Set down each line of the records once more, precisely, and omit the pictures.

** Opening The data block **

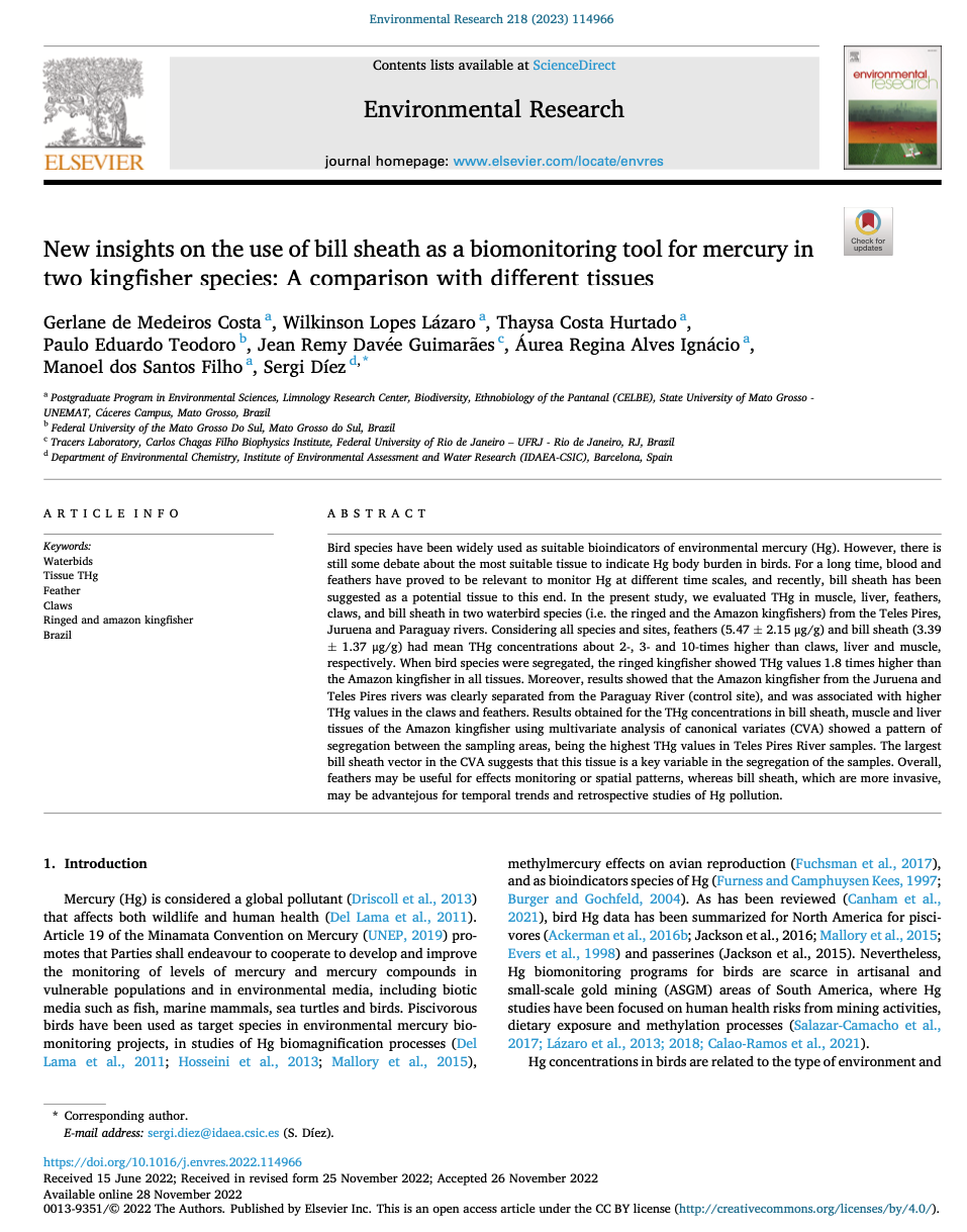 New insights on the use of bill sheath as a biomonitoring tool for mercury in two kingfisher species: A comparison with different tissues
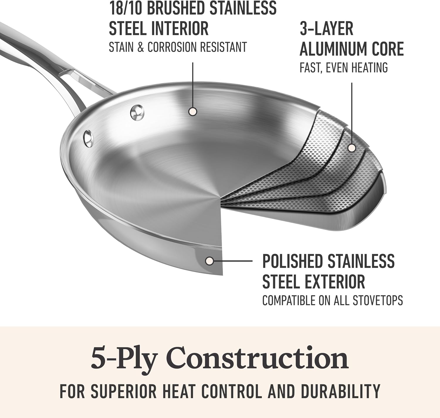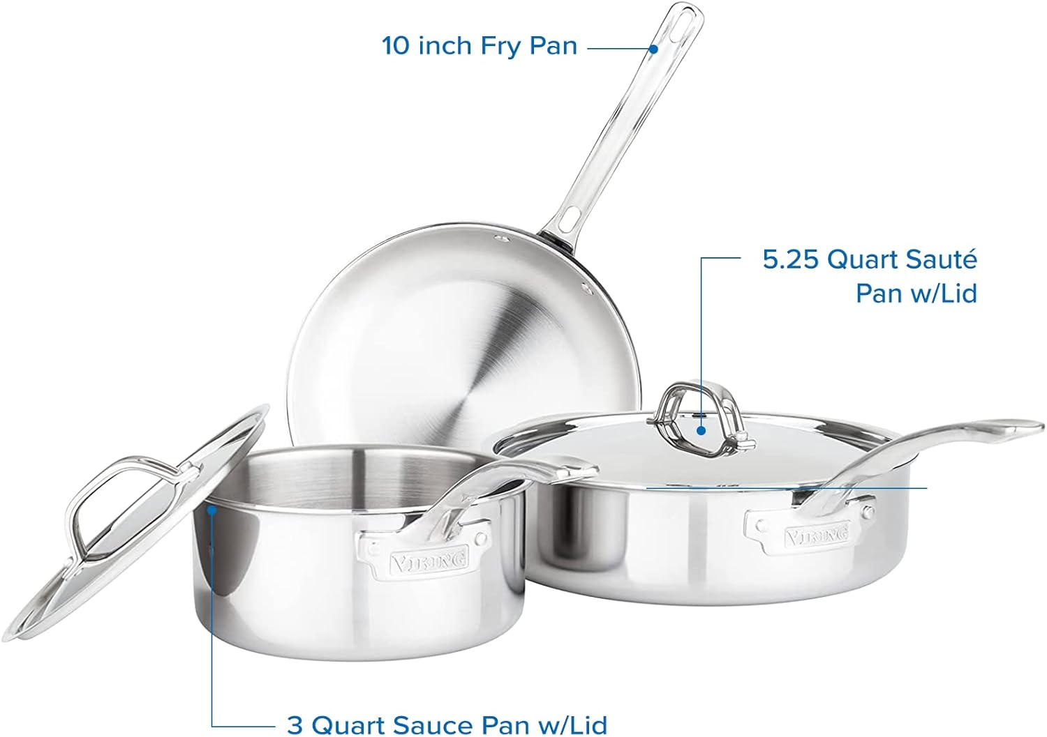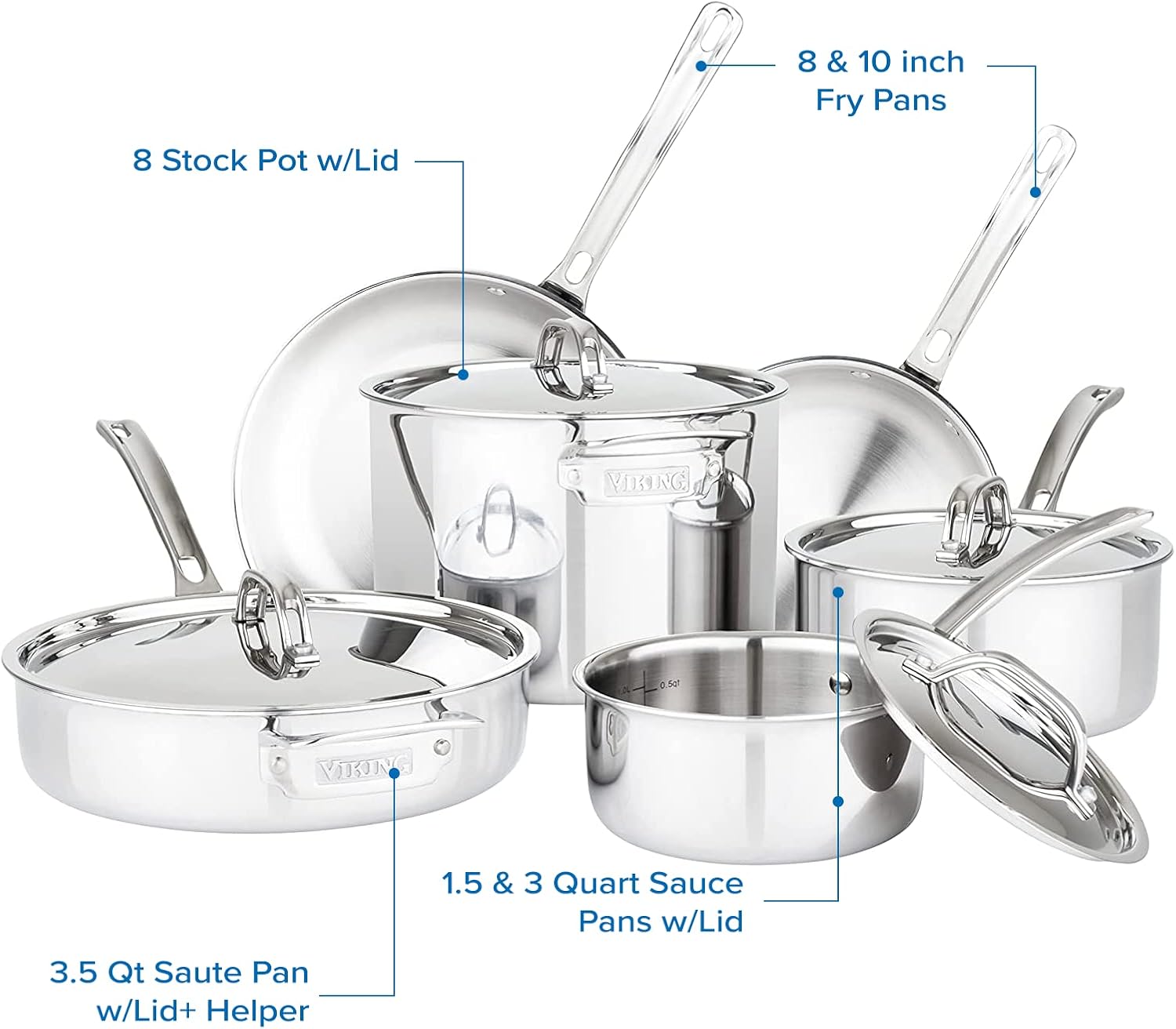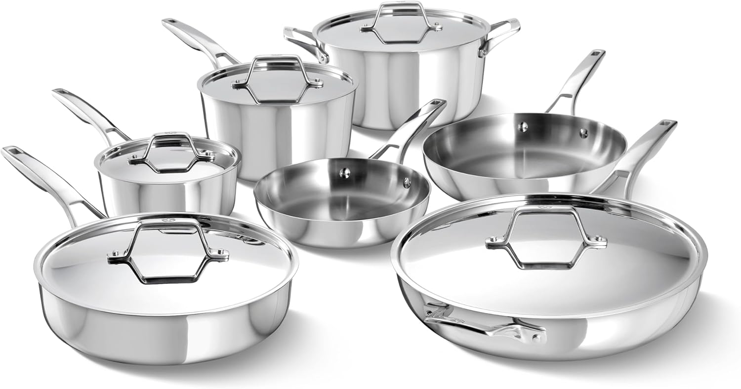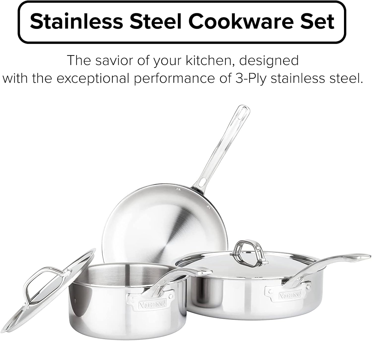 Viking Culinary 3-Ply Stainless Steel Cookware Set with Metal Lids, 10 Piece, Dishwasher, Oven Safe, Works on All Cooktops including Induction,Silver
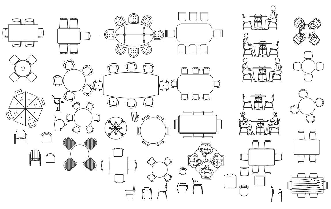 Dining Table CAD Block In DWG File which shows different types of dining table blocks with 2 chairs, 4 chairs, 6 chairs.
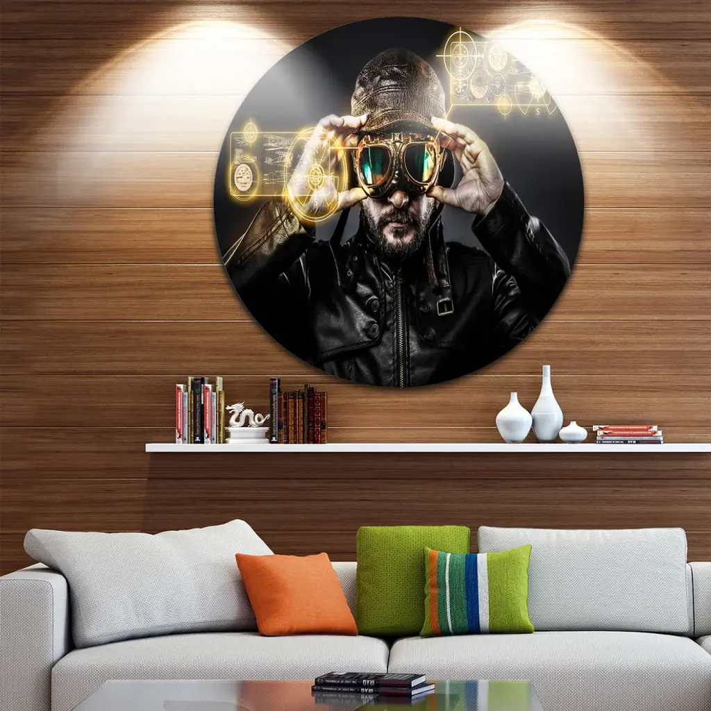 Bring Contemporary Abstraction to your home with this large Circle Metal wall art. This Fighter Pilot with Hat and Glasses Metal Artwork makes it the focal point of any room or office. - White Gloss Coating ensures colors are extra vibrant with light reflection.- Aluminum grade Sheet Metal with 1 inch mounting frame on the back giving the illusion that the artwork is floating on the wall..- Mounting Brackets are included along with instructions.- High Quality Digital images are created directly into a glossy aluminum panel producing a stunning and captivating print into the glossy finish of the metal.- Water, Fire and Scratch resistant HD Aluminum panels.- Looks better than any photo paper and guaranteed to last at least 20 years- Easy to clean with a microfiber cloth. Colors are far superior to regular Canvas Art. - Easy to Hang
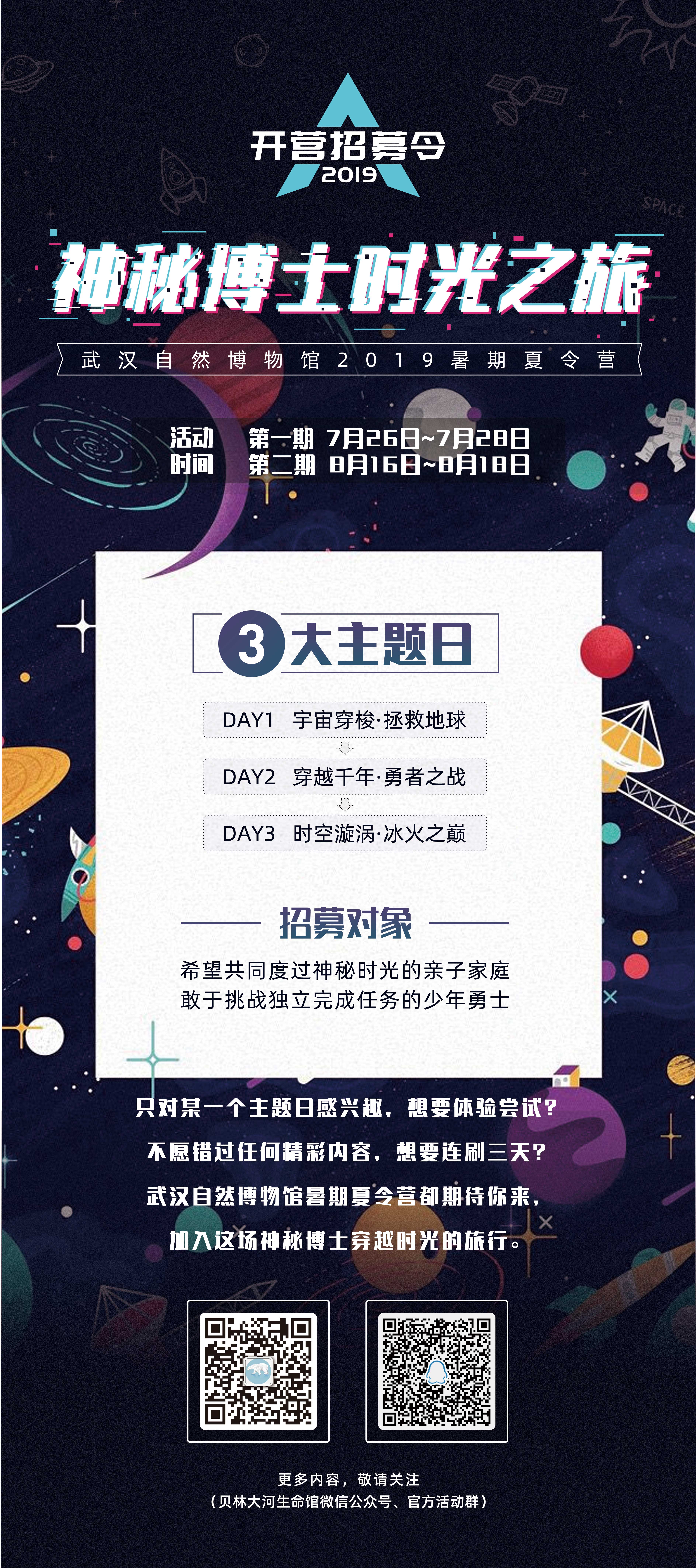 某一天放学回家的你,发现书桌上摆放着一张神秘的邀请函,“神秘博士时光之旅”的字眼赫然映入眼帘,星河宇宙的缩影跃然浮现。这是一封来自宇宙的神秘邀请,你望着邀请函上“确认加入”,郑重地签下了自己的名字……穿越蓝色星球过往的荣耀与黯淡,徜徉在未知和文明的殿堂,来参加武汉自然博物馆暑期夏令营,开启一场史无前例的博物馆之旅吧!
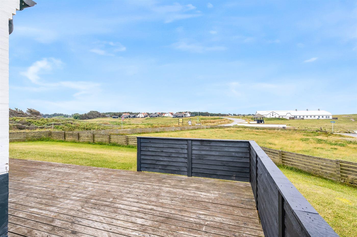Ferieboligen er beliggende på en 870 m² stor anlagt have. Avstand til hav er 60 m. Nærmeste butikk ligger i en avstand på 6000 m. Til ferieboligen hører 30 m² terrasseareal. Utgang til altan. P-plass ved huset.
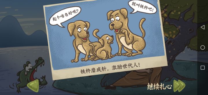 点小孩,奶奶在喊铁杵磨针时,把小黄狗移到奶奶手里(要是不及时,婆婆会敲碎大石。其他路线✗:-点鳄鱼,婆婆会把铁棍扔鳄鱼嘴里。-点婆婆,婆婆会抽查小孩知识,敲断大树。-点小狗,小狗只会汪汪叫。

** Closing The data block **

== Solution to the problem ==
 New insights on the use of bill sheath as a biomonitoring tool for mercury in two kingfisher species: A comparison with different tissues
 Viking Culinary 3-Ply Stainless Steel Cookware Set with Metal Lids, 10 Piece, Dishwasher, Oven Safe, Works on All Cooktops including Induction,Silver
 Dining Table CAD Block In DWG File which shows different types of dining table blocks with 2 chairs, 4 chairs, 6 chairs.
 Bring Contemporary Abstraction to your home with this large Circle Metal wall art. This Fighter Pilot with Hat and Glasses Metal Artwork makes it the focal point of any room or office. - White Gloss Coating ensures colors are extra vibrant with light reflection.- Aluminum grade Sheet Metal with 1 inch mounting frame on the back giving the illusion that the artwork is floating on the wall..- Mounting Brackets are included along with instructions.- High Quality Digital images are created directly into a glossy aluminum panel producing a stunning and captivating print into the glossy finish of the metal.- Water, Fire and Scratch resistant HD Aluminum panels.- Looks better than any photo paper and guaranteed to last at least 20 years- Easy to clean with a microfiber cloth. Colors are far superior to regular Canvas Art. - Easy to Hang
 某一天放学回家的你,发现书桌上摆放着一张神秘的邀请函,“神秘博士时光之旅”的字眼赫然映入眼帘,星河宇宙的缩影跃然浮现。这是一封来自宇宙的神秘邀请,你望着邀请函上“确认加入”,郑重地签下了自己的名字……穿越蓝色星球过往的荣耀与黯淡,徜徉在未知和文明的殿堂,来参加武汉自然博物馆暑期夏令营,开启一场史无前例的博物馆之旅吧!
Ferieboligen er beliggende på en 870 m² stor anlagt have. Avstand til hav er 60 m. Nærmeste butikk ligger i en avstand på 6000 m. Til ferieboligen hører 30 m² terrasseareal. Utgang til altan. P-plass ved huset.
 点小孩,奶奶在喊铁杵磨针时,把小黄狗移到奶奶手里(要是不及时,婆婆会敲碎大石。其他路线✗:-点鳄鱼,婆婆会把铁棍扔鳄鱼嘴里。-点婆婆,婆婆会抽查小孩知识,敲断大树。-点小狗,小狗只会汪汪叫。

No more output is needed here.